In this section we explore the interaction between the motion energy model of V1 directionally selective (DS) neurons (Adelson & Bergen,
1985) and the stimuli used in
Experiment 2. To explore how the motion energy varied across all the orientations, speed and SF's present in our stimulus it was helpful to define a V1 neuron's speed tuning at the ratio between the (peak) temporal and spatial tuning of the neuron (
Equation A2,
1). The full battery of DS filters could then be defined by their direction, speed and spatial-frequency tuning as follows:
-
Thirty-two directions evenly spaced around the clock.
-
Thirteen evenly spaced speeds from 0% (static) to 150% of the carrier signal speed (3.95 deg/s).
-
Eight SFs from 50% to 700% of the peak SF of the broadband carrier signal (0.75 c/deg) in eight half-octave steps.
This resulted in the temporal frequency tuning of the DS filters varying across each SF channel (see
Figure 9). The spatial frequency and directional bandwidth of all the model neurons was held constant at 1.5 octaves and 45° (half width and full height) respectively in keeping with the observed bandwidths of primate area V1 (De Valois, Yund, & Hepler,
1982; Snowden, Treue, & Andersen,
1992).
The stimuli were accurate reconstructions of trials used in
Experiment 2 in terms of the aperture positions and the spatial (256 * 256) and temporal resolution (26 frames). However, to avoid the artifacts introduced by the horizontal/vertical pixel raster, the direction of motion on each trial was randomized.

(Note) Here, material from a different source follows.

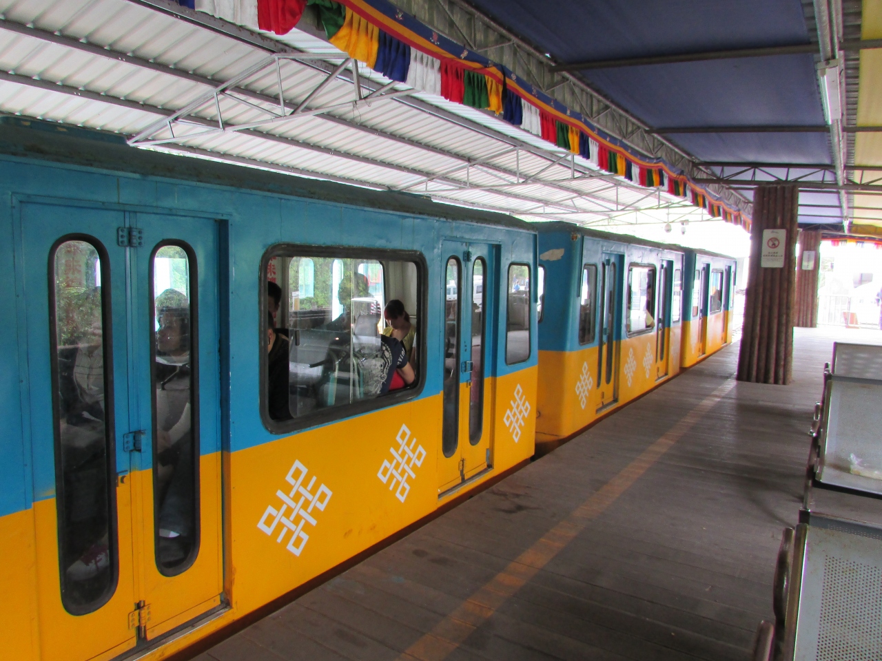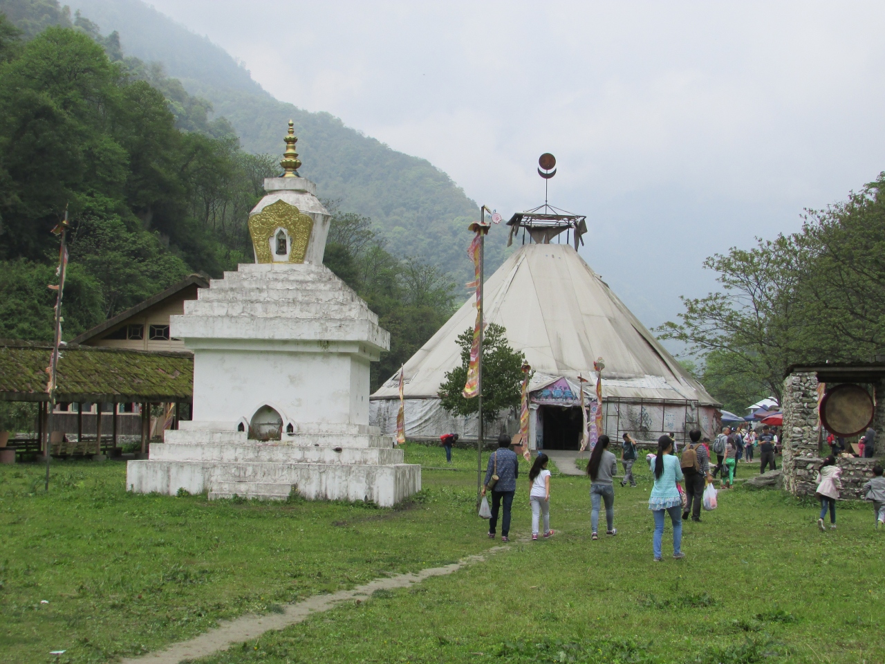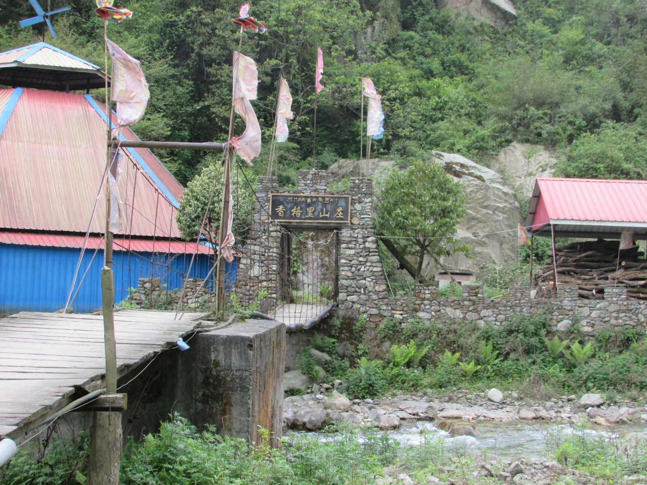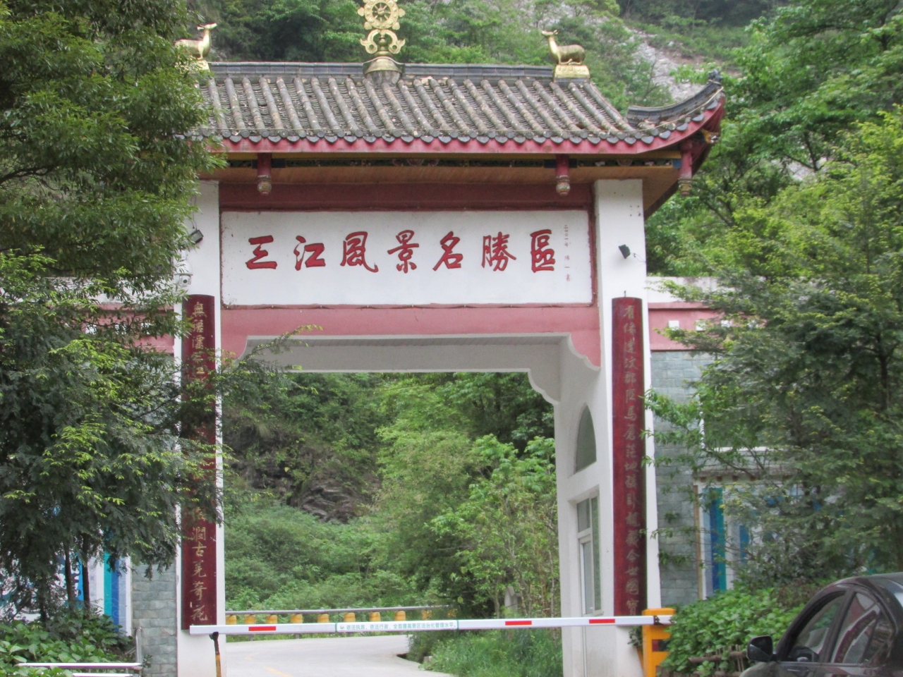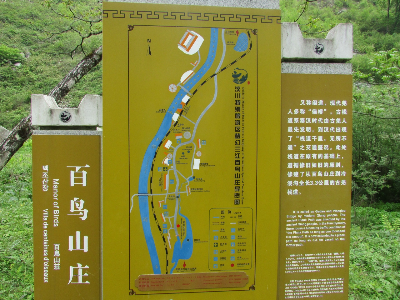 成都から西へ約80kmの映秀から更に南に約40km程山奥に入った所にあります。三江風景名勝区(入場料50元)に入ると18幸福湾という18のカーブを登り、更に登山鉄道(15元)で進むとチベット族の建物が独特の雰囲気を漂わせる場所に着きます。この場所は四川大熊猫棲息地のど真ん中と言ってもいい場所です。三江鎮の麓にあるチベット村の公園(無料)には2頭パンダがいます。パンダ舎の壁がガラスのため、時には犬とパンダのにらめっこが見られる珍しい場所です。

Convolution of the signal and sensor took place in the Fourier domain and was inverse-transformed back into the spatial domain. The square root of the sum of the square of the real and imaginary components was taken to represent the motion energy at each point in space for each DS filter, a computation that is formally equivalent to the full rectified square of odd and even phase neurons to generate a phase invariant output (Adelson & Bergen,
1985). A global motion analysis was achieved by collapsing the spatial domain and summing across all DS filters tuned to the same spatiotemporal frequency and direction. Each spatial frequency channel could then be represented as a 2D speed ‘vs.’ direction image (as illustrated in
Figure 9a), in which the intensity of each region represents the global sum of motion energy across DS filters whose velocity tuning is denoted by the regions position in the image. The only filter normalization employed was to divide the output of each neuron by the sum of the absolute of the receptive field across space and time; this had the effect of evening out the expected 1/f spatiotemporal frequency spectrum. No gain control, normalization or inhibition occurred between neurons.
Noise and the sampling rate of neurons were not considered essential to the model output because discrimination thresholds were not derived from the output of the neurons. Additional factor such as the addition of Poisson noise (e.g. Dakin et al.,
2005) would have been necessary if direction discrimination thresholds were to be predicted. Further additional complexity could have been added by varying the bandwidths of the V1 neurons as a function of spatial or temporal frequency as both the physiology (e.g. Bair & Movshon,
2004) or psychophysics (e.g. Burr,
1981) would deem necessary, but this would make the resulting motion energy more complex to analyze. For instance it would be more difficult to ascertain whether the directional bandwidth of the signal was the result of the stimulus or the sensor. By keeping the bandwidth of the sensor constant (in octaves) in the SF domain and constant across the speed tuning of the sensor, the changes in signal bandwidth across these dimensions could be attributed to the stimulus, not the sensor.